OverTheWire’s Leviathan Challenge
Collection of screenshots and notes
Password directory: /etc/leviathan_pass/ Server: http://leviathan.labs.overthewire.org: 2223
Challenge notes and hints will all be in the home directories of the current level.
Level 0:
SSHed as leviathan0 and found a folder containing a simple HTML file of a bookmarks export.
Could have tried other keywords to locate the password, but one of the most obvious ones to me was “leviathan”, since the password is likely stored in the leviathan server:
Level 1:
Found a file with SUID (s
) privileges and a prompt for a password.
It appears to be an executable program written in C where you input the correct password to get a shell; the strings are compared using the strcmp function, and there are a couple of keywords right before you input the password:
Grepped for the word “love” in the program, which originally didn’t return anything because of binary matches, so I allowed the binary matches via -a parameter and got 4 potential keyword matches:
And one of the keywords did end up being the correct one, so we got a shell and catted the password:
Level 2:
There’s a program with SUID privileges that appears to print out a file you specify, so just in case, I tried to retrieve the password through it, but it unsurprisingly requires you to have the right permissions for access:
What’s interesting is that even if the current user owns the file, we get a “Permission denied” message.” Only files within the current directory are successfully printed out.
Through online research, I discovered a program called ltrace
that can trace library calls made within a program, but it didn’t return anything interesting, so I just eyeballed the program’s strings and located a keyword of interest, “access”, since I didn’t recognize it as a command or typical C function.
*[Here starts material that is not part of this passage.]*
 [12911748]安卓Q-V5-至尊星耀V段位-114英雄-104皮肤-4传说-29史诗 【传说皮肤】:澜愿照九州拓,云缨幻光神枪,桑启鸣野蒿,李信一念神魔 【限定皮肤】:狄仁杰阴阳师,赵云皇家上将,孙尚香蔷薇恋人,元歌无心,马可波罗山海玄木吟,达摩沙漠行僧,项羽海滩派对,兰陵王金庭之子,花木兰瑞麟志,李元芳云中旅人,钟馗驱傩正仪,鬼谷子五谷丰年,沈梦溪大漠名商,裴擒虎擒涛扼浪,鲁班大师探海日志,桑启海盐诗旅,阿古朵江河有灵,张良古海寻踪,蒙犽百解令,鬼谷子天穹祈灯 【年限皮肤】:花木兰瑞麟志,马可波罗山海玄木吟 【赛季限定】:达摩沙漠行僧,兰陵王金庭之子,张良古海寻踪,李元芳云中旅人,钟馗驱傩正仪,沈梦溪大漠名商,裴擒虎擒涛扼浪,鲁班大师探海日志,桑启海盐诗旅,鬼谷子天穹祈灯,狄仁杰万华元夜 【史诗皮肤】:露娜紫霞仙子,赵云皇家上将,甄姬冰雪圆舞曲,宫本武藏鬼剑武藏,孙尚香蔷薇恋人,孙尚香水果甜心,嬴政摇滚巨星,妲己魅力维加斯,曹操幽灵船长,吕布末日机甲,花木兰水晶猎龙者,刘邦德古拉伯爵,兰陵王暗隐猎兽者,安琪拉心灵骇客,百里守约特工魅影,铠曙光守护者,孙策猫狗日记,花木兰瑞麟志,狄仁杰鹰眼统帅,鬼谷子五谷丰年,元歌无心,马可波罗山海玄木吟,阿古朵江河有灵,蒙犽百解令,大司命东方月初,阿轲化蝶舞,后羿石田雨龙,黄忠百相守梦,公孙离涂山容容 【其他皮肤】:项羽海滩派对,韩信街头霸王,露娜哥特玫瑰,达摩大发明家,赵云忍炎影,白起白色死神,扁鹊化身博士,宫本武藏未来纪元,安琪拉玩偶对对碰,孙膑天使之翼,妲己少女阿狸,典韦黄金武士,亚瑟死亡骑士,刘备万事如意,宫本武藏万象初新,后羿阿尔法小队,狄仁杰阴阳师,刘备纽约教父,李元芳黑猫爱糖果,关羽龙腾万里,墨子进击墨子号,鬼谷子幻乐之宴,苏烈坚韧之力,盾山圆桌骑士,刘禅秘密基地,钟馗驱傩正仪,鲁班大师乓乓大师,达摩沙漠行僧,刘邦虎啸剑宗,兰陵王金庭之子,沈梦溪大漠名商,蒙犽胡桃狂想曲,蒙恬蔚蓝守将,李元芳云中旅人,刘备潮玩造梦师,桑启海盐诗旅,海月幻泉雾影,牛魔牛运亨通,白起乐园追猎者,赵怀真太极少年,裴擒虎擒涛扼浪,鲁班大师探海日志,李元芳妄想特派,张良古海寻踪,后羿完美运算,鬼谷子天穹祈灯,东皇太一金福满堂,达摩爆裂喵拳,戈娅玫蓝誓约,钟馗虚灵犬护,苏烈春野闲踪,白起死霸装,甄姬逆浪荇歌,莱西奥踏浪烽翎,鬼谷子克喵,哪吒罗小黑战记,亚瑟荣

I looked in the man pages in case it was a command of some sort and discovered that it is actually a C library that checks whether the calling process can access a given file:
This suggests that there is likely not input sanitization, so I tried to create an empty with a filename that attaches the bash command to the end of it, then referenced that file as the argument to the printfile program, and it ran exactly as input, opening a bash shell as leviathan3:
Level 3:
The file “level3” seems to open a shell if you input the right password.
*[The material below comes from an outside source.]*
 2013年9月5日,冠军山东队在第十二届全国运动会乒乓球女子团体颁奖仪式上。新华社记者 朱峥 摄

Running an ltrace again on the program (starting to LOVE this new command!), we see that a strcmp is run, comparing the input with a plaintext value “snlprintf.”
So, we run the program again and enter this as the password and get a shell as leviathan4.
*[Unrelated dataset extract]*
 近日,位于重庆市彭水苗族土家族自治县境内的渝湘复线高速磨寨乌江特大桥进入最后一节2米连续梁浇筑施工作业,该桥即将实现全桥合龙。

Note to self: why did you run the program with a filename? You’re still stuck on the previous level -_-
Level 4:
There is a simple file in the “.trash” directory that contains binary.
We just crack the binary with CyberChef and it looks like the password:
But it can’t be that easy, right?
Yep…..it is certainly that easy.
Level 5:
There’s a program “leviathan5” with the owner set to “leviathan6”, and it looks like it just opens a particullar file “/tmp/file.log”, but the file doesn’t currently exist:
I created a file at that exact path and it looks like the program does indeed read what’s in there.
We can actually create a Symlink (with the ln -s command) between “file.log” and the password file, run the program, and it (hopefully) will print out the password file:
Logic: basically, file.log is a link to the password file, so when fopen tries to retrieve the file.log, it in fact prints out the file it links to.
Level 6:
Pretty straightforward program that asks for a 4-digit code:
This is probably a matter of using a simple bruteforce script that I wrote in Bash (not the prettiest, but it was functional, except for not exiting after the else condition was met…)
#!/bin/bash
cd ~
for num in {1000.9999}
do
if ./leviathan6 $num | grep -q "Wrong"; then
echo $num
continue
else
echo "Correct: " $num
exit 1
fi
done
And it stopped right before the correct code, which we plug into the program and get a shell.